Details der Vereinbarung zwischen Stadt und Verein

Der geplante Vertrag zwischen der Stadt Leipzig und der Red Bull Betriebsanlagen GmbH sieht vor, dass das Erbbaurecht ab 2032 gilt. Die Rahmenbedingungen wurden von der Stadtspitze bereits initiiert, abschließend muss jedoch der Stadtrat noch darüber entscheiden. Die Vertragslaufzeit ist mit 32 Jahren angesetzt.

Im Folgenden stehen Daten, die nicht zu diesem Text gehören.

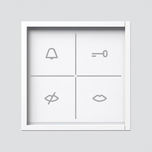 Zustandsanzeige-Modul mit optischer und akustischer Rückmeldung. Jeweils ein LED-hinterleuchtetes Symbol signalisiert die Zustände ?Ruf?, ?Nicht erreichbar?, ?Sprechen? und ?Türöffnen?. Für den Einsatz im Sprechsystem Siedle Access Professional.
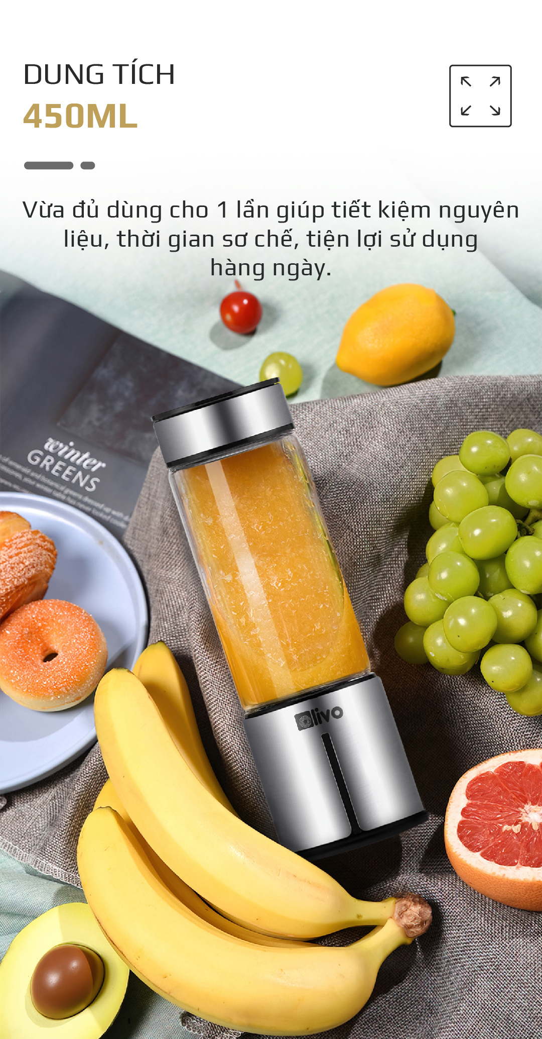 • Với dung tích 450ML đủ cho 1 – 2 người sử dụng trong 1 lần. Giúp bạn tiết kiệm được nguyên liệu, thời gian chuẩn bị. Đảm bảo lúc nào cũng được uống sinh tố tươi ngon nhất.
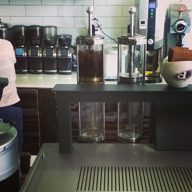 There is, as is evident from the pictures, one huge difference sitting on the center of the counter; the Alpha Dominche Steampunk Brewer. I had no idea they had purchased one before my visit and was ecstatic to finally get the chance to check one out. So, I sat and talked to the barista about the inner workings and usability of the machine (let alone the sweet design). I have been following the machine since about 2012 when I saw early prototypes out on the web. It seems to have gone through quite a few changes and the finished design is stunning. Truly, it is a work of art and a centerpiece to behold. But was a machine that promised to mechanize and largely automate siphon-brewed coffee going to revolutionize the way we have our beans? Aesthetically, sure, the machine throws down with other top end equipment. Now, these are just my observations over about a 20 minute span, so take it with a grain of salt, but it seems like the machine still has a few quirks. It is, apparently, quite difficult to clean and handle; the glass crucibles (as one of the designers called it) are rather delicate and must be worked around slowly, removing the pressing mechanism for cleaning takes time, and what we find is the only automation is pouring preset volumes of water and agitating the beans. This is great! With the right programming, it seems to work beautifully. But in terms of putting a cup out quickly, both automated and non-automated siphon processes still take a bit of time.

Die Höhe des sogenannten Erbbauzinses wird auf 6 Prozent des Grundstückswertes festgelegt. Dabei erfolgt die genaue Wertermittlung erst mit dem offiziellen Beginn des Erbbaurechts.

Nutzung und Bedeutung des Festplatzes Cottaweg

Der Festplatz Cottaweg erstreckt sich über rund 47.000 Quadratmeter im Stadtteil Altlindenau und erfüllt aktuell mehrere Funktionen. Bis einschließlich 2031 bleibt die Kleinmesse – ein traditionsreiches Volksfest – fester Bestandteil des Areals.

  • Das nördliche Gebäude auf dem Gelände ist denkmalgeschützt und wird vom Marktamt genutzt.
  • Im Norden des Platzes befindet sich ein Kleinspielfeld.
  • Im nordöstlichen Teil sind Container als Parkplätze für den Verein vorhanden.
  • Regelmäßig dient die Fläche bei Stadion- und Arena-Veranstaltungen als zusätzliche Parkmöglichkeit.
  • Die aktuelle Nutzung unterstreicht die multifunktionale Bedeutung des Festplatzes für den Sportbetrieb und das kulturelle Leben in Leipzig.

    Pläne für die Zukunft und weitere Entwicklungsmöglichkeiten

    In den nächsten Jahren plant die Stadt Leipzig eine umfassende Umgestaltung des Stadionumfelds, um den Standort für herausragende Sport- und Kulturevents, beispielsweise die Olympischen Spiele, zu wappnen. Der ambitionierte Fußballverein RB Leipzig hat bereits mehrfach sein Interesse an einer Nutzungserweiterung der Fläche bekundet, insbesondere zur Vergrößerung seines Trainingszentrums.

    Mit dem vorgesehenen Erbbaurecht bleiben zudem andere Nutzungsoptionen offen, was eine flexible Entwicklung des Areals auch über die Nutzung durch RB Leipzig hinaus ermöglicht.

    Bedeutung für Leipzig und anstehende Entscheidungen

    Die Entscheidung über den Vertragsabschluss obliegt letztlich dem Leipziger Stadtrat. Durch diese Regelung bleibt der Festplatz bis 2031 für die Kleinmesse erhalten, während langfristig eine nachhaltige Weiterentwicklung des Areals unterstützt wird. Die Vereinbarung zeigt, wie Stadtentwicklung, Denkmalschutz und sportliche Perspektiven miteinander in Einklang gebracht werden können.

    Die nächsten Schritte hängen nun von der abschließenden politischen Bewertung und Zustimmung durch den Stadtrat ab. Der Ausgang dieser Entscheidung wird maßgeblich bestimmen, wie sich der Bereich um den Cottaweg künftig weiterentwickeln kann.